Note: This bug is displayed in read-only format because the product is no longer active in Red Hat Bugzilla.

Bug 1536317

Summary: upgrade etcd failed at TASK [Run variable sanity checks]
Product: OpenShift Container Platform Reporter: Weihua Meng <wmeng>
Component: Cluster Version OperatorAssignee: Michael Gugino <mgugino>
Status: CLOSED CURRENTRELEASE QA Contact: Weihua Meng <wmeng>
Severity: medium Docs Contact:
Priority: medium    
Version: 3.9.0CC: aos-bugs, bleanhar, ccallega, jokerman, mmccomas, wmeng, wsun
Target Milestone: ---   
Target Release: 3.9.0   
Hardware: Unspecified   
OS: Unspecified   
Whiteboard:
Fixed In Version: Doc Type: If docs needed, set a value
Doc Text:
Story Points: ---
Clone Of: Environment:
Last Closed: 2018-06-18 16:10:07 UTC Type: Bug
Regression: --- Mount Type: ---
Documentation: --- CRM:
Verified Versions: Category: ---
oVirt Team: --- RHEL 7.3 requirements from Atomic Host:
Cloudforms Team: --- Target Upstream Version:
Embargoed:
Attachments:
Description Flags
ccallegar-inventory none

Description Weihua Meng 2018-01-19 06:39:33 UTC
Description of problem:
upgrade etcd failed at TASK [Run variable sanity checks]

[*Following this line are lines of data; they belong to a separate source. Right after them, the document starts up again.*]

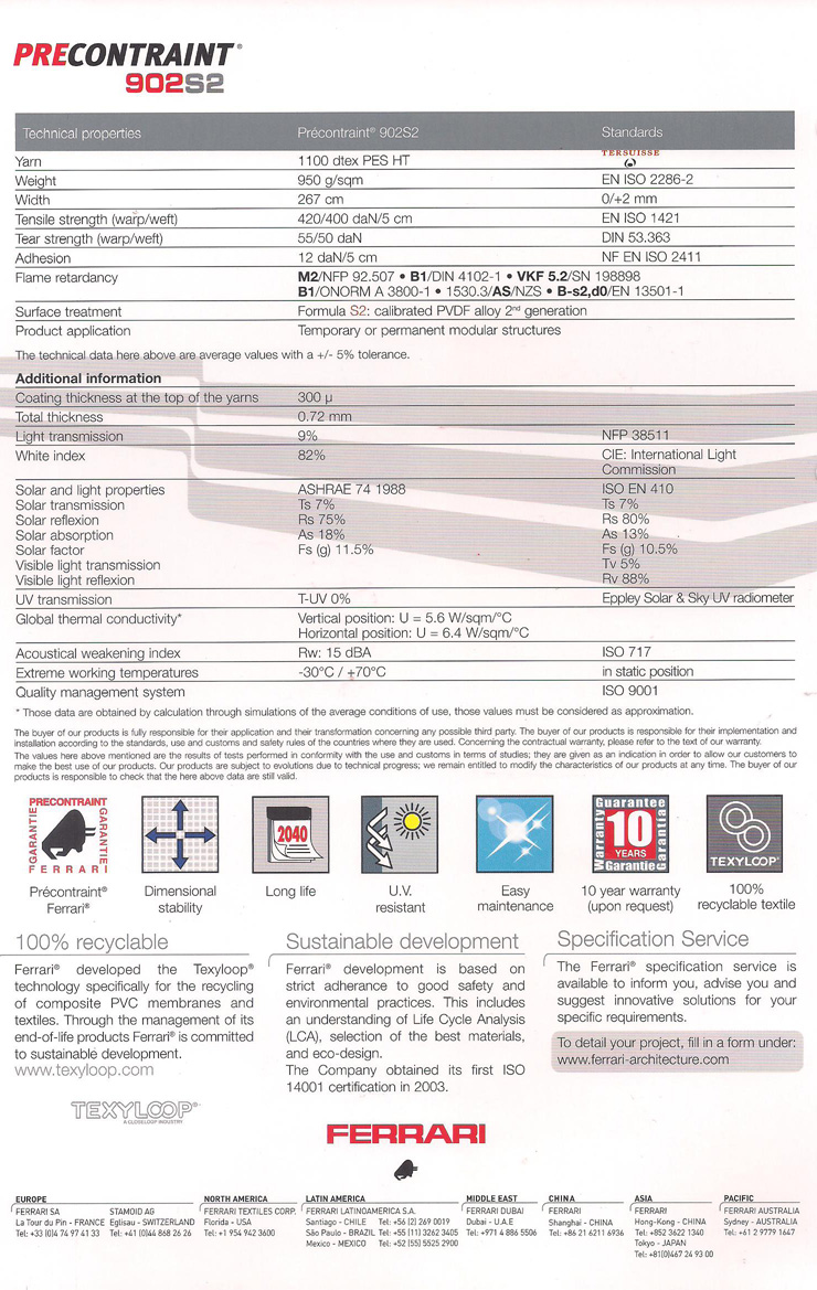 法拉利膜材十多年來(lái),法拉利(PVDF)表面處理的復(fù)合膜材被應(yīng)用在全世界重要的織物建筑工程中?,F(xiàn)在,第代膜材再次確認(rèn)了這一出眾材料性能的更新發(fā)展。法拉利研發(fā)了第代材料正是為了滿足建筑師和業(yè)主在新世紀(jì)之初對(duì)于織物建筑提出的要求。這一 全新的膜材得益于更新的科研技術(shù),即將PVDF和硬化介體完美地結(jié)合。這種特殊的結(jié)合明顯地提高了材料的機(jī)械強(qiáng)度、使用壽命,并能長(zhǎng)期保持織物建筑的原始 美觀。第代膜材在積累了10多年的經(jīng)驗(yàn)的基礎(chǔ)上,可以提供專業(yè)保證。法拉利現(xiàn)在能夠根據(jù)要求和每個(gè)項(xiàng)目的具體情況,提供12年質(zhì)量保證 (PRECONTRAINT702除外)。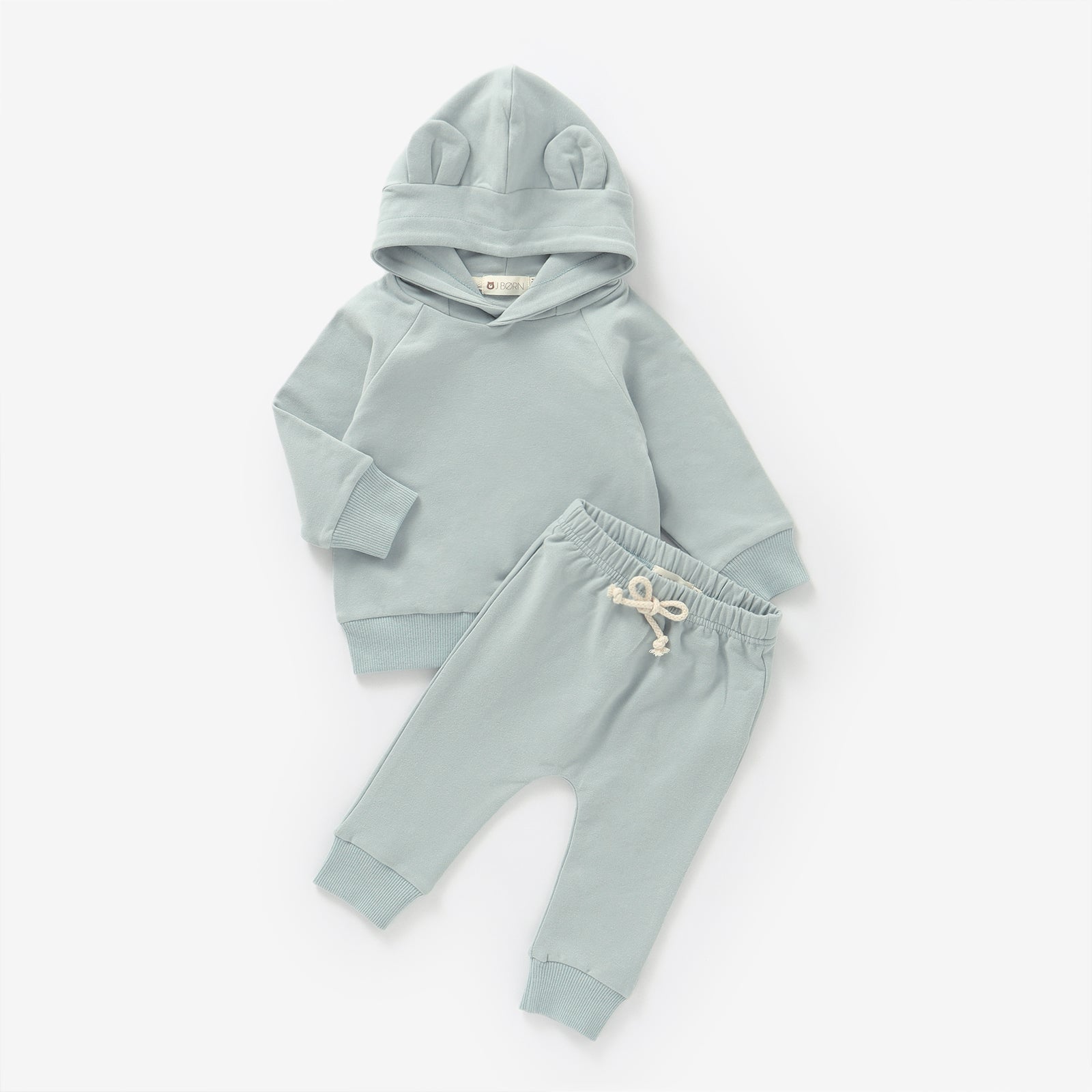 JBØRN Organic Cotton Baby Teddy Ears Hoodie & Joggers Set | Personalisable Stone Blue - Personalisable Baby Products Sold and Personalised by JustBørn
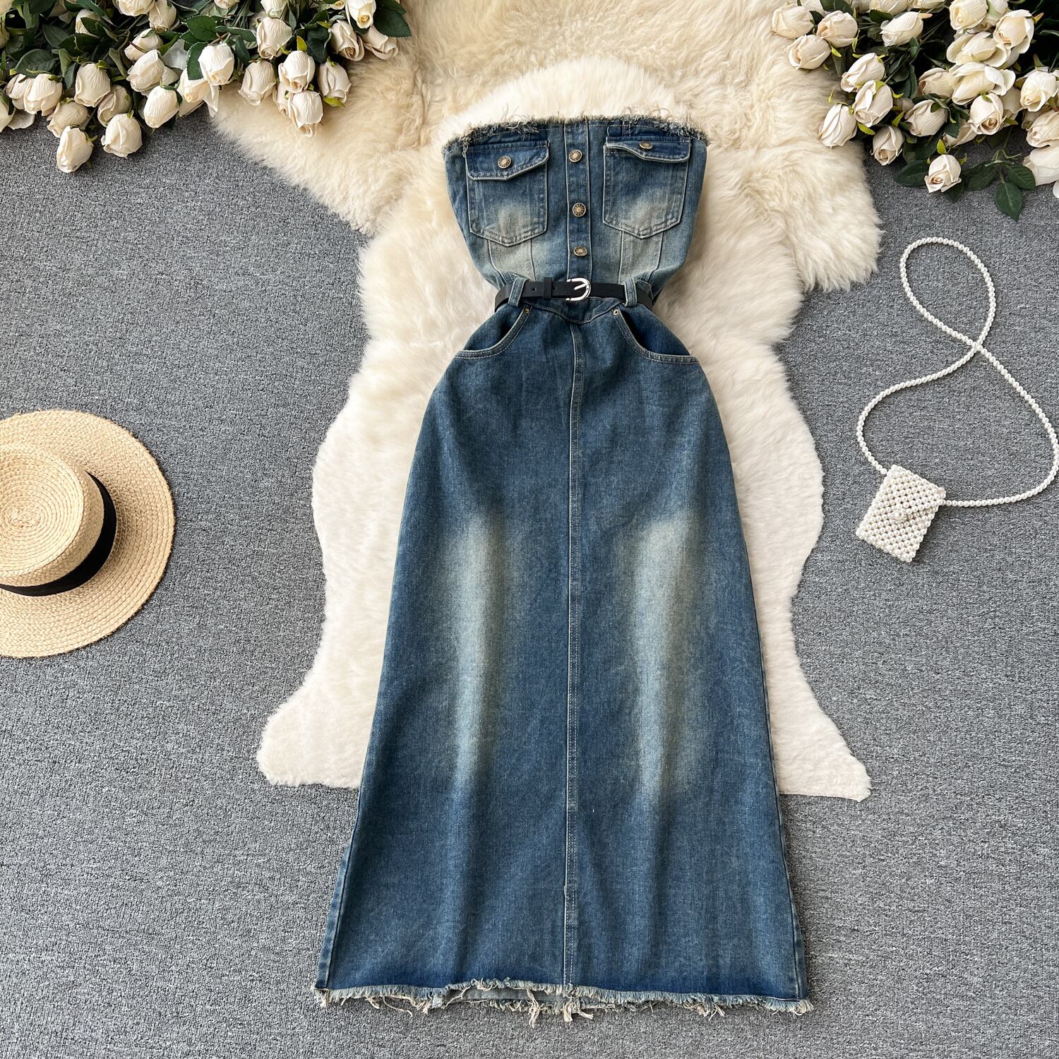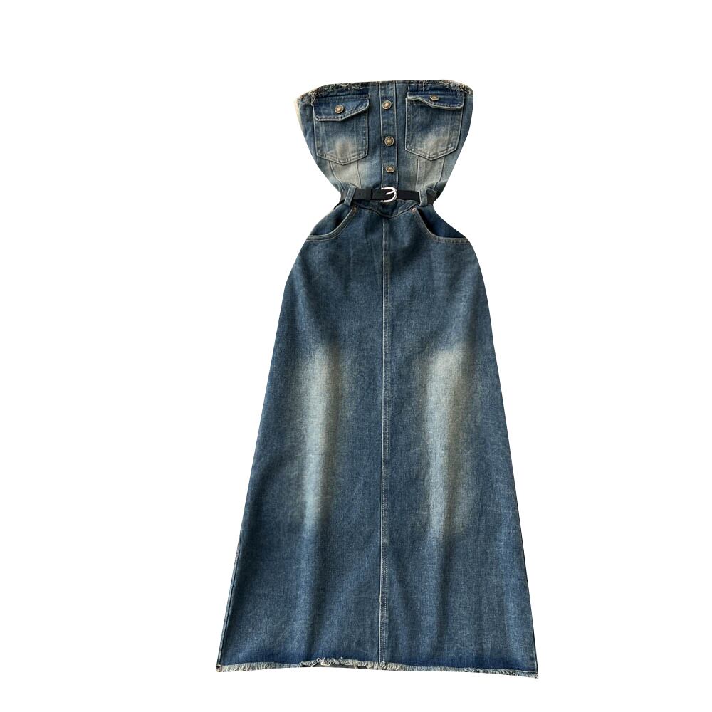 春夏デザインセンスチューブトップデニムドレス女性ウエスト痩身古い生エッジAラインレトロロングスカート スプリング 春物 サマー 夏物 lyxaj88809576896

Version-Release number of the following components:
openshift-ansible-3.9.0-0.21.0.git.0.296d767.el7.noarch
ansible-2.4.1.0-1.el7.noarch
ansible 2.4.1.0
  config file = /etc/ansible/ansible.cfg
  configured module search path = [u'/root/.ansible/plugins/modules', u'/usr/share/ansible/plugins/modules']
  ansible python module location = /usr/lib/python2.7/site-packages/ansible
  executable location = /usr/bin/ansible
  python version = 2.7.5 (default, May  3 2017, 07:55:04) [GCC 4.8.5 20150623 (Red Hat 4.8.5-14)]

How reproducible:
Always

Steps to Reproduce:
1. upgrade etcd
# ansible-playbook -i hosts /usr/share/ansible/openshift-ansible/playbooks/openshift-etcd/upgrade.yml -vvv

Actual results:
TASK [Run variable sanity checks] *********************************************************************************************************************************************************************************
task path: /usr/share/ansible/openshift-ansible/playbooks/init/sanity_checks.yml:12
The full traceback is:
Traceback (most recent call last):
  File "/usr/lib/python2.7/site-packages/ansible/executor/task_executor.py", line 125, in run
    res = self._execute()
  File "/usr/lib/python2.7/site-packages/ansible/executor/task_executor.py", line 521, in _execute
    result = self._handler.run(task_vars=variables)
  File "/usr/share/ansible/openshift-ansible/roles/lib_utils/action_plugins/sanity_checks.py", line 175, in run
    self.run_checks(hostvars, host)
  File "/usr/share/ansible/openshift-ansible/roles/lib_utils/action_plugins/sanity_checks.py", line 145, in run_checks
    self.check_python_version(hostvars, host, distro)
  File "/usr/share/ansible/openshift-ansible/roles/lib_utils/action_plugins/sanity_checks.py", line 82, in check_python_version
    if ansible_python['version']['major'] != 2:
TypeError: 'NoneType' object has no attribute '__getitem__'
fatal: [host-8-241-12.host.centralci.eng.rdu2.redhat.com]: FAILED! => {
    "failed": true, 
    "msg": "Unexpected failure during module execution.", 
    "stdout": ""
}

NO MORE HOSTS LEFT ************************************************************************************************************************************************************************************************
	to retry, use: --limit @/usr/share/ansible/openshift-ansible/playbooks/openshift-etcd/upgrade.retry

Expected results:
Upgrade etcd succeeds

Comment 1 Michael Gugino 2018-01-19 14:37:45 UTC
Please provide inventory and full output.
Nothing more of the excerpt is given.